Banks slow to adjust rates after CBK’s order

Economy · Tania Wanjiku · April 3, 2025
Banks slow to adjust rates after CBK’s order
The Central Bank of Kenya. PHOTO/ Nairobi Business Monthly

In a recent development, Kenya’s banking sector has shown a mix of responses to the Central Bank of Kenya’s (CBK) order to reduce lending rates.

Despite pressure and the threat of daily fines from the regulator, only a handful of banks have complied by adjusting their rates, sparking debate on the effectiveness of the new regulations.

Between August 6 and February 5, the CBK implemented four cuts to the benchmark rate, reducing it by 2.25 percentage points from 13 percent to 10.75 percent.

However, of the 38 banks in the country, only five- Citibank NA Kenya, Absa Bank, Standard Chartered Bank of Kenya, Victoria Commercial Bank, and Stanbic Bank Kenya—took action to lower their lending rates by the full amount.

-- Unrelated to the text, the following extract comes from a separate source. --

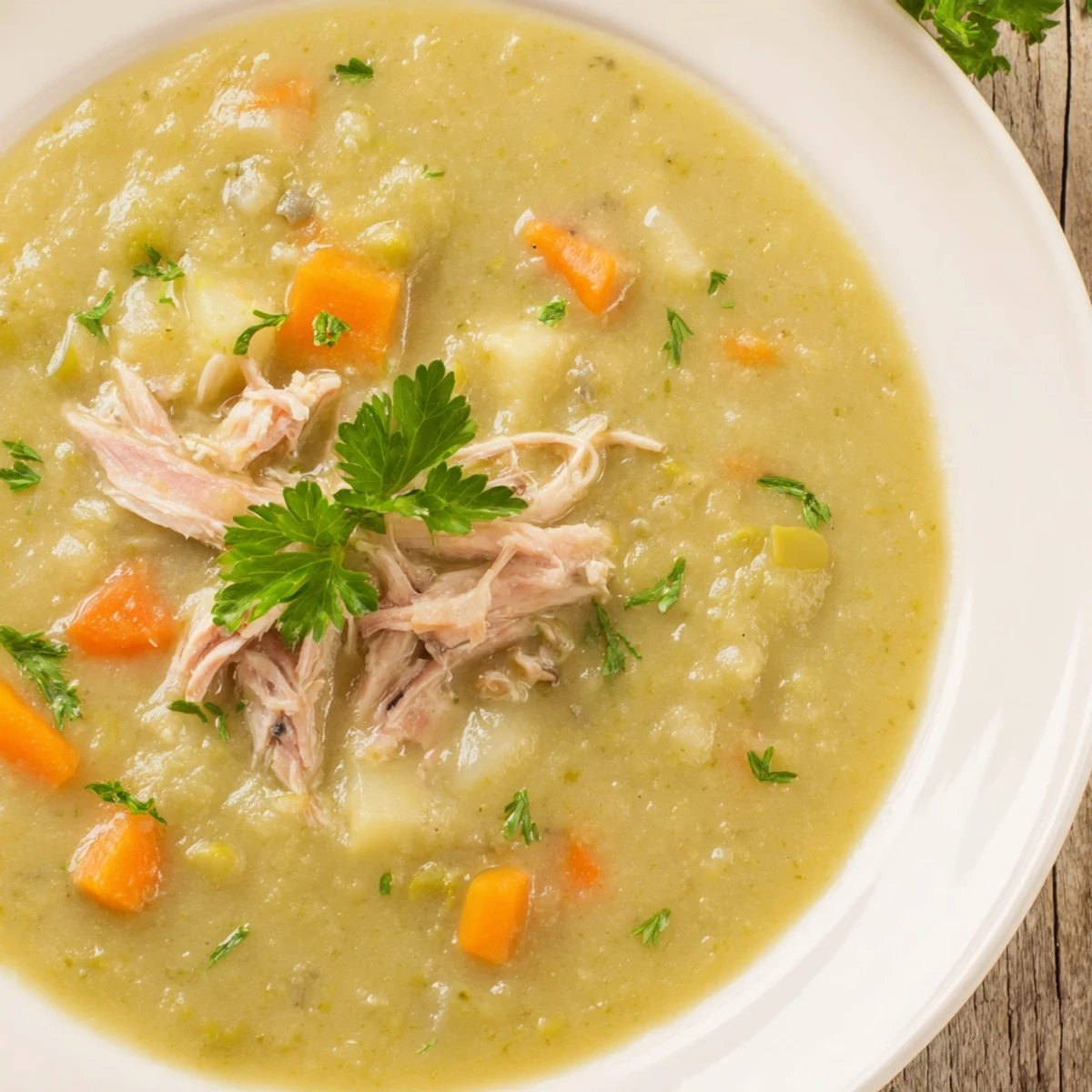 This warming soup combines tender green split peas with succulent smoked turkey leg for a comforting meal. Onions, carrots, celery, and garlic are sautéed then simmered with herbs and broth to build deep flavors. The turkey leg is removed, shredded, and returned, enhancing protein and smokiness. Optional potato adds thickness while parsley and croutons provide garnish. This hearty, gluten- and dairy-free dish offers satisfying texture and rich taste.

This lag in rate reductions comes despite the CBK’s warnings that it would impose daily fines on banks failing to adhere to the new policy.

While some banks like Access Bank, Premier Bank, and Cooperative Bank have raised their lending rates, others have made more modest adjustments.

Nineteen banks reduced their lending rates by smaller margins, between 0.01 percent and 1.55 percent. In a few cases, banks made cuts in March, but these numbers have not yet been reflected in CBK's latest filings.

The reluctance to implement deeper cuts can be attributed to the high cost of locked-in deposits, which banks have argued prevents them from lowering rates quickly.

In response to this, Kenya Bankers Association (KBA) chairman John Gachora has raised concerns over the loan-pricing formula.

Gachora, also the managing director of NCBA, emphasized that the existing pricing formula, which is based on a bank’s base rate and a borrower’s risk profile, has led to variations in interest rates across different banks.

“What is clear is that risk-based pricing needs a little bit of streamlining to remove some of the concerns. Banks have done a lot of work to reduce interest rates, but it is not very visible because each of us has a different rate,” he told Business Daily.

The high cost of borrowing has had a negative effect on consumer behavior, with businesses refraining from expanding and consumers avoiding loans.

The decline in private sector credit, which hit a 22-year low in December, has been blamed on the expensive lending rates.

The hope is that the current rate cuts will encourage borrowing, stimulate economic activities, and create a favorable environment for investment and consumption in the coming months.

Standard Chartered Bank Kenya’s CEO, Kariuki Ngari, echoed Gachora’s sentiments, suggesting that lenders need to ensure their rates move more closely in line with the CBK’s benchmark rate.

“Last year, interest rates were only moving in one direction which was up, now interest rates are coming down, we have to go back to the model and see whether the adjustment is as fast as that of the CBR and what needs to be done if it isn’t the case,” Ngari noted.

Following the CBK’s warning in February, some of the country’s largest banks, including Equity Bank, KCB Bank, and Co-operative Bank, made adjustments to their lending rates.

Equity Bank cut its reference rate from 17.39 percent to 14.39 percent, KCB reduced its rate from 16.6 percent to 14.6 percent, and Co-op Bank lowered its benchmark rate to 14.5 percent from 16.5 percent.

Despite these changes, the impact of reduced borrowing costs remains uncertain.

Bank profits, however, have continued to rise, with some top banks announcing record dividends to shareholders, buoyed by high lending rates.